# Bitcoin now Illegal in Thailand



## concerto49 (Jul 31, 2013)

http://www.engadget.com/2013/07/30/thailand-bitcoin-ban/

Any users use Bitcoin in Thailand here? You'll no longer be able to pay your provider that way!


----------



## MannDude (Jul 31, 2013)

How do they plan on enforcing it is what I wonder. And what will the penalty be for getting caught? So long as you're not tossed in the 'Bangkok Hilton', you can probably pay your way out of it (with Baht, not bitcoins)


----------



## peterw (Jul 31, 2013)

I think they don't want companies to accept bitcoins.


----------



## Pmadd (Jul 31, 2013)

I think this is just their way of trying to have one less way people can bribe officials in the government.


----------



## MannDude (Jul 31, 2013)

Pmadd said:


> I think this is just their way of trying to have one less way people can bribe officials in the government.


Cops can get bitcoin wallets. I know all the farrang would pay their bribes in BTC if possible.


----------



## jarland (Jul 31, 2013)

Good for them. Bitcoins are nothing more than a hippie invention by a bunch of pirates, script kiddies, and child porn lovers.


----------



## egihosting (Jul 31, 2013)

There will be another digital currency that will take Bitcoin's place in Thailand.  I think litecoin is already gaining a bit more popularity...


----------



## shawn_ky (Jul 31, 2013)

Never quite understood the bitcoin thing anyway...


----------



## ThePrimeHost (Jul 31, 2013)

shawn_ky said:


> Never quite understood the bitcoin thing anyway...

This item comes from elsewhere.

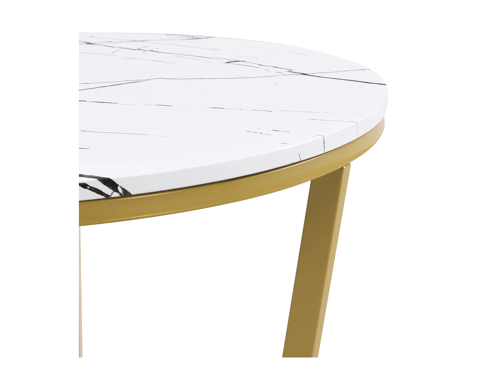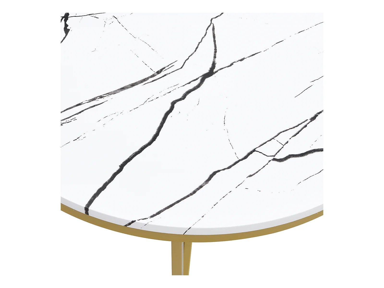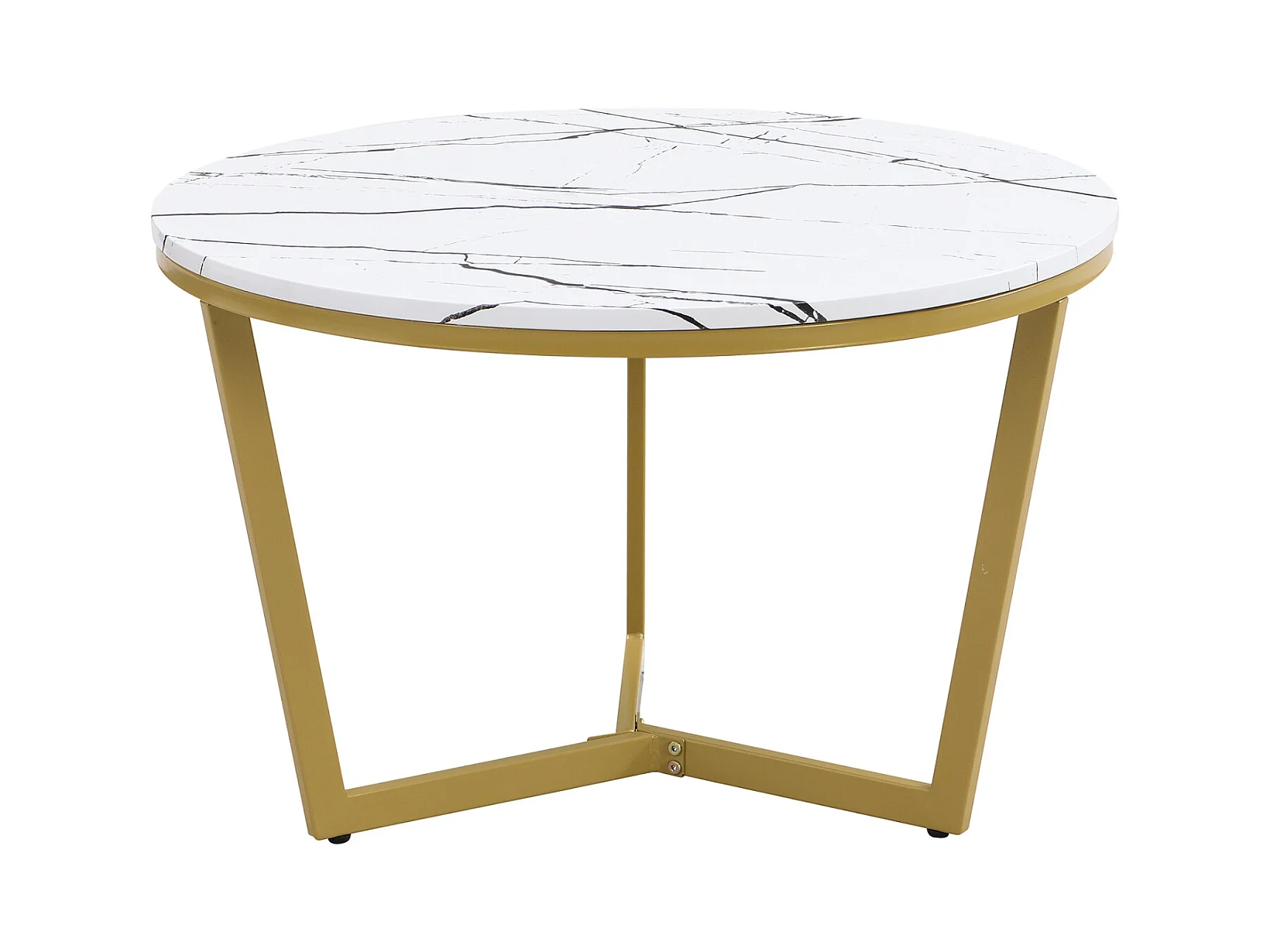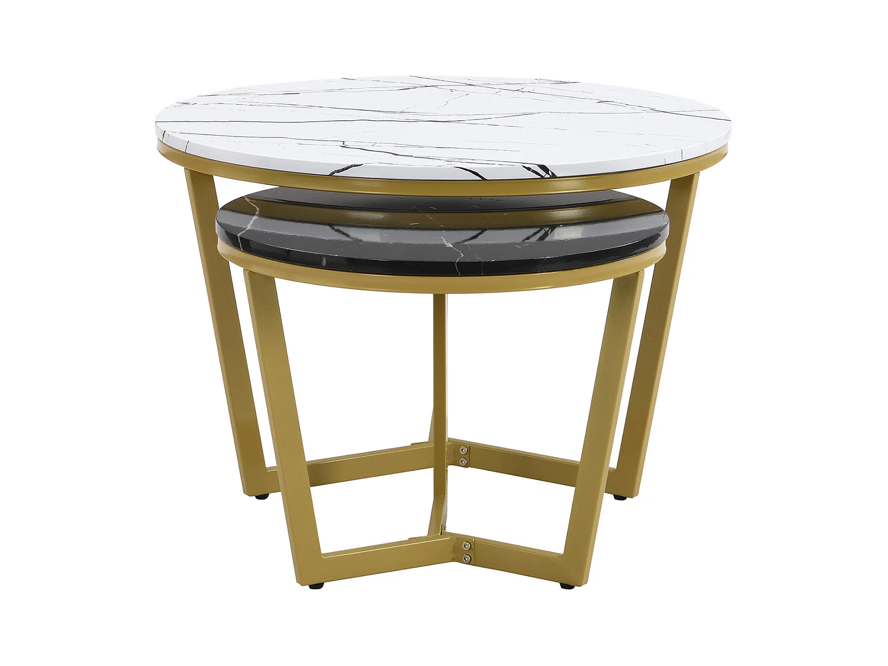 Set van 2 in elkaar passende salontafels, elegante modulaire, marmeren effect bijzettafel, gouden metalen structuur, MDF, wit en zwart

While it's been in the news lately I still think it has a long way to go before mainstream acceptance.


----------



## concerto49 (Jul 31, 2013)

ThePrimeHost said:


> While it's been in the news lately I still think it has a long way to go before mainstream acceptance.


You mean after the mines are depleted?


----------



## Tux (Aug 1, 2013)

concerto49 said:


> You mean after the mines are depleted?


A little cyberpunk in here please?


----------